═════ MATERIAL TO PROCESS ═════

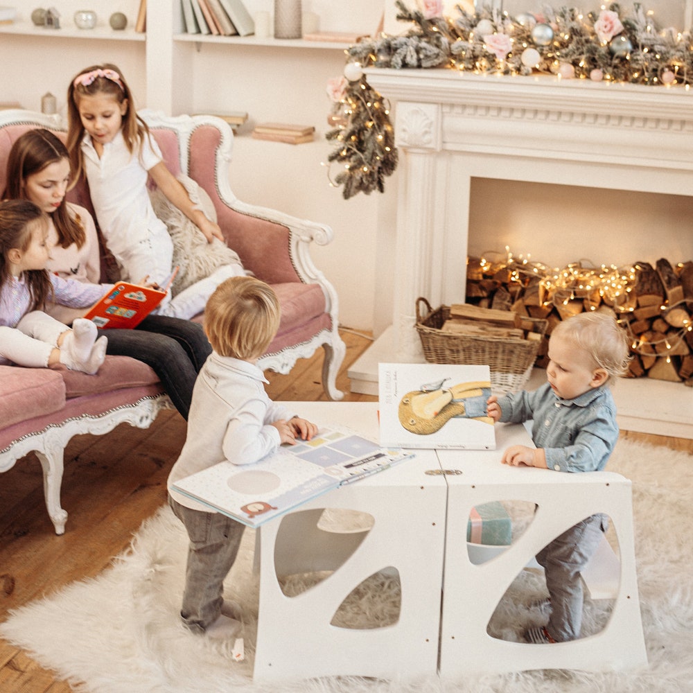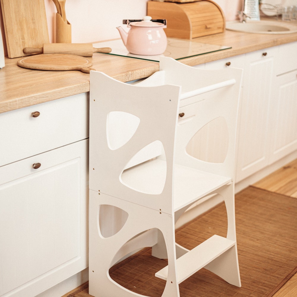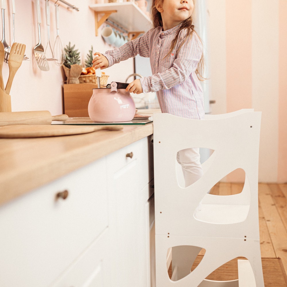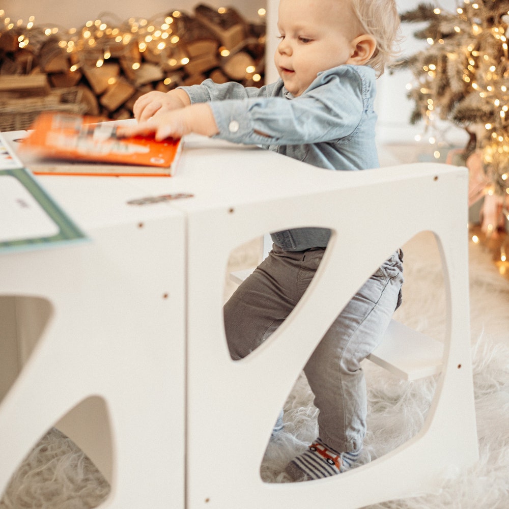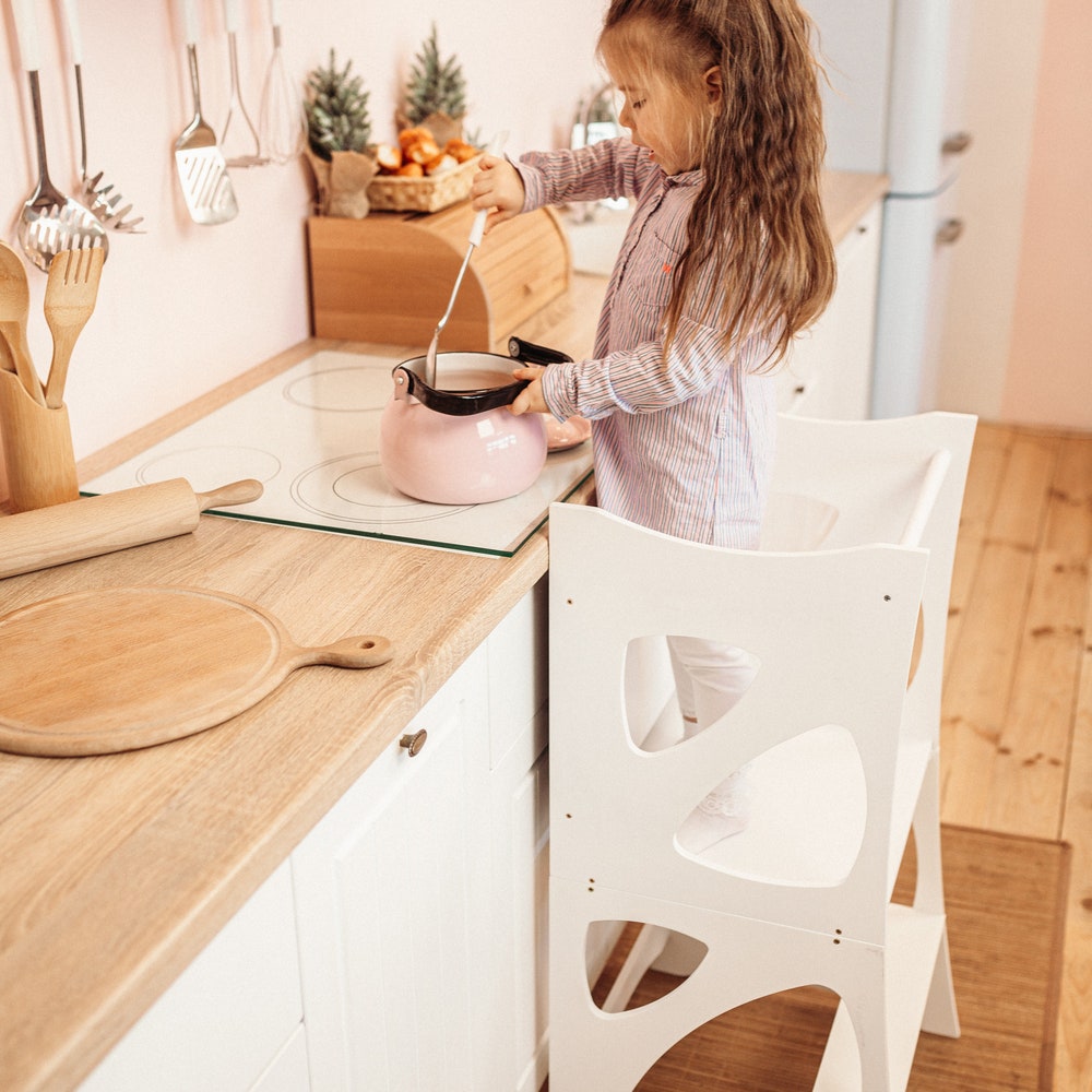 A helper tower, so your child can reach the kitchen counter or tabletops, can easily be transformed into a little chair with a table for play, drawings and other activities.
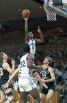 A Dunbar High School basketball player is seen taking a shot with the ball during the Region I tournament basketball game, held in Midland, Texas, against Amarillo High School.
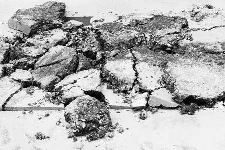broken asphalt before reconstruction, note shallow depth of field
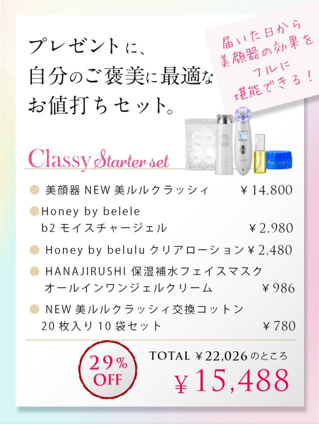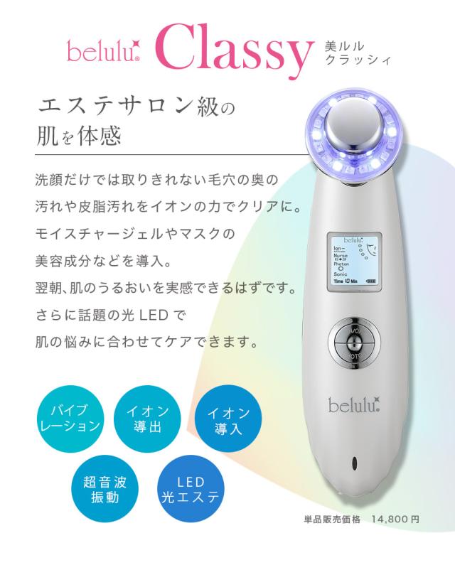 福袋価格9999円!美顔器 NEW 美ルル クラッシィスターターセット 超音波 角栓 イオン導入 イオン導出 光エステ LED クレンジング 充電式 美肌 毛穴ケア 毛穴汚れ 母の日 プレゼント 送料無料・海外使用可能・返品保証・日本製 belulu classy
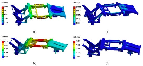 (a) Stress and deformation nephograms of the full-load bending condition; (b) Stress and deformation nephograms of the partial-load bending condition; (c) Stress and deformation nephograms of the full-load obstacle-crossing condition; (d) Stress and deformation nephograms of the unloading condition.
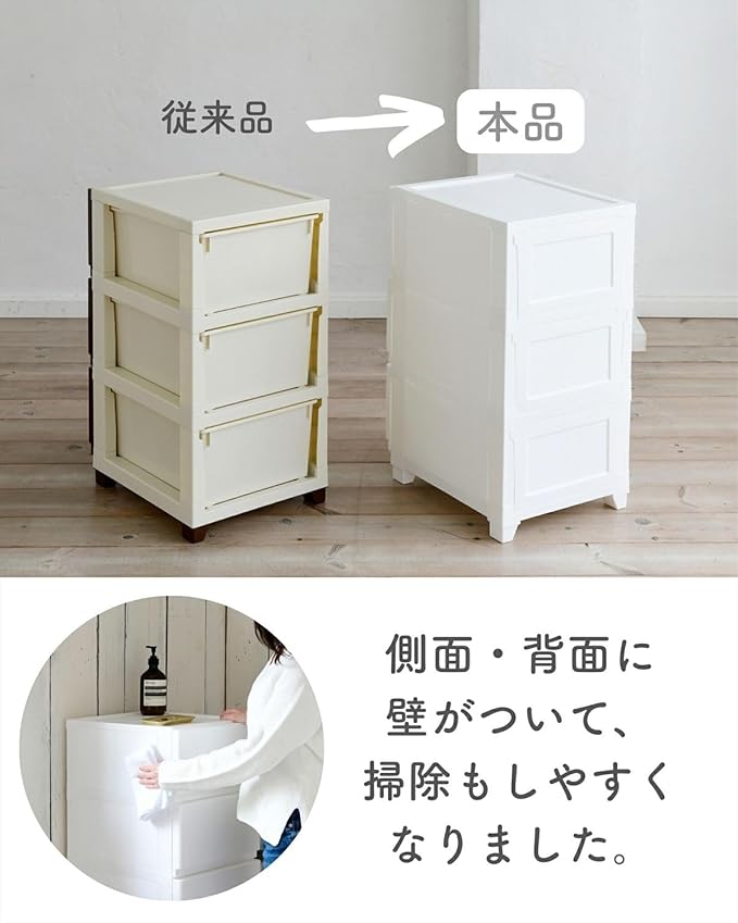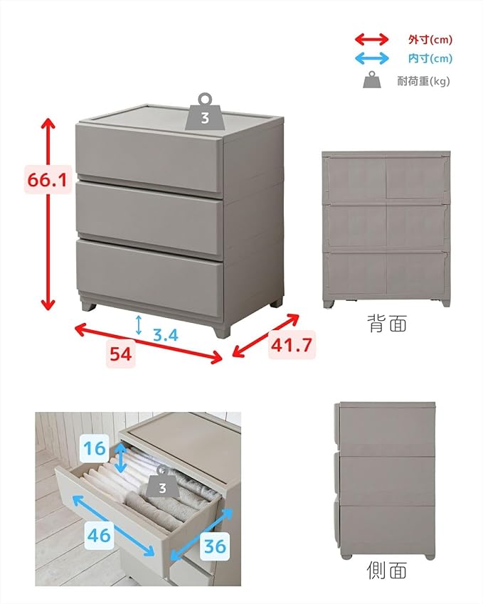 ●側面と背面も壁付きでホコリが入りにくいチェスト ●収納目安(引出し1段あたり): Yシャツなら約8枚、バスタオルなら約6枚、セーターなら約6枚 ●引出し内寸: 幅46 奥行36 深さ16cm ●耐荷重: 天板(約)3kg、引出し1段あたり(約)3kg●工具不要、かんたんに組み立て可能 ●側面と背面をパネルで覆い、ホコリ溜まりを軽減 ●中が透けないのでお部屋がすっきり ●お部屋になじむ、ツヤのないマットな質感 ●引き出しはストッパー付きで抜け落ち防止 ●本体下隙間: 高さ約3.4cm ※脚部は付け外し可能ですが、外す際は養生が必要です。 ※本品にはキャスターは取り付けできません。
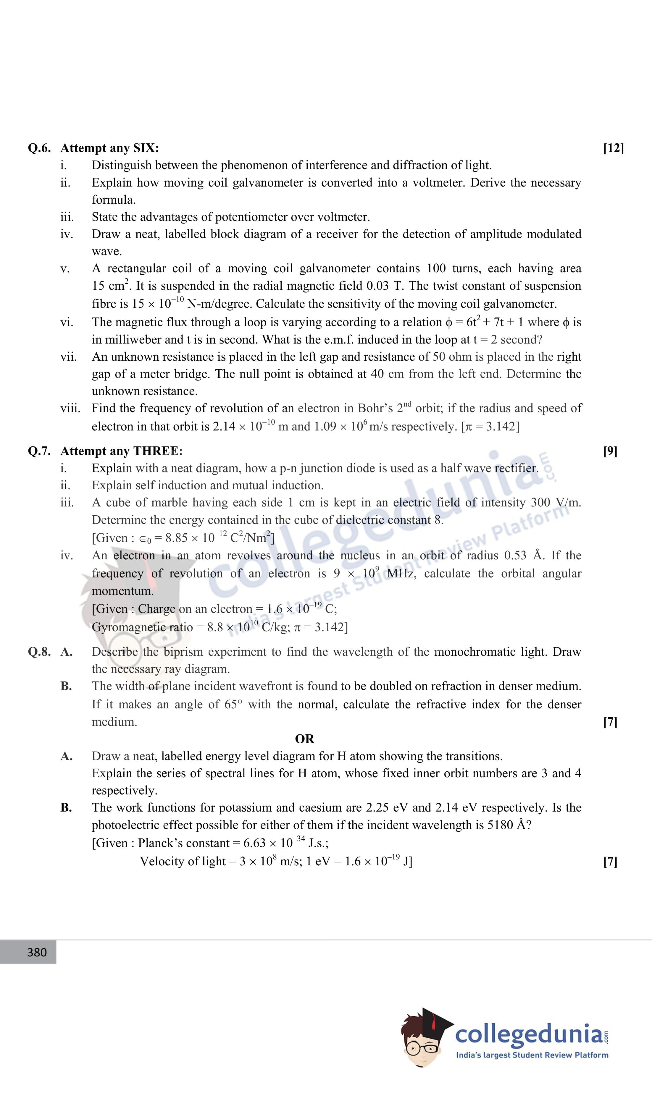 Maharashtra Board Class 12 Physics Question Paper 2017 with Answer Key (March 4)

═════

- [ACTIVITY]:
Would you copy each line above exactly as given, dropping any images?

- [EXPECTED OUTPUT]:
 A helper tower, so your child can reach the kitchen counter or tabletops, can easily be transformed into a little chair with a table for play, drawings and other activities.
 A Dunbar High School basketball player is seen taking a shot with the ball during the Region I tournament basketball game, held in Midland, Texas, against Amarillo High School.
broken asphalt before reconstruction, note shallow depth of field
 福袋価格9999円!美顔器 NEW 美ルル クラッシィスターターセット 超音波 角栓 イオン導入 イオン導出 光エステ LED クレンジング 充電式 美肌 毛穴ケア 毛穴汚れ 母の日 プレゼント 送料無料・海外使用可能・返品保証・日本製 belulu classy
 (a) Stress and deformation nephograms of the full-load bending condition; (b) Stress and deformation nephograms of the partial-load bending condition; (c) Stress and deformation nephograms of the full-load obstacle-crossing condition; (d) Stress and deformation nephograms of the unloading condition.
 ●側面と背面も壁付きでホコリが入りにくいチェスト ●収納目安(引出し1段あたり): Yシャツなら約8枚、バスタオルなら約6枚、セーターなら約6枚 ●引出し内寸: 幅46 奥行36 深さ16cm ●耐荷重: 天板(約)3kg、引出し1段あたり(約)3kg●工具不要、かんたんに組み立て可能 ●側面と背面をパネルで覆い、ホコリ溜まりを軽減 ●中が透けないのでお部屋がすっきり ●お部屋になじむ、ツヤのないマットな質感 ●引き出しはストッパー付きで抜け落ち防止 ●本体下隙間: 高さ約3.4cm ※脚部は付け外し可能ですが、外す際は養生が必要です。 ※本品にはキャスターは取り付けできません。
 Maharashtra Board Class 12 Physics Question Paper 2017 with Answer Key (March 4)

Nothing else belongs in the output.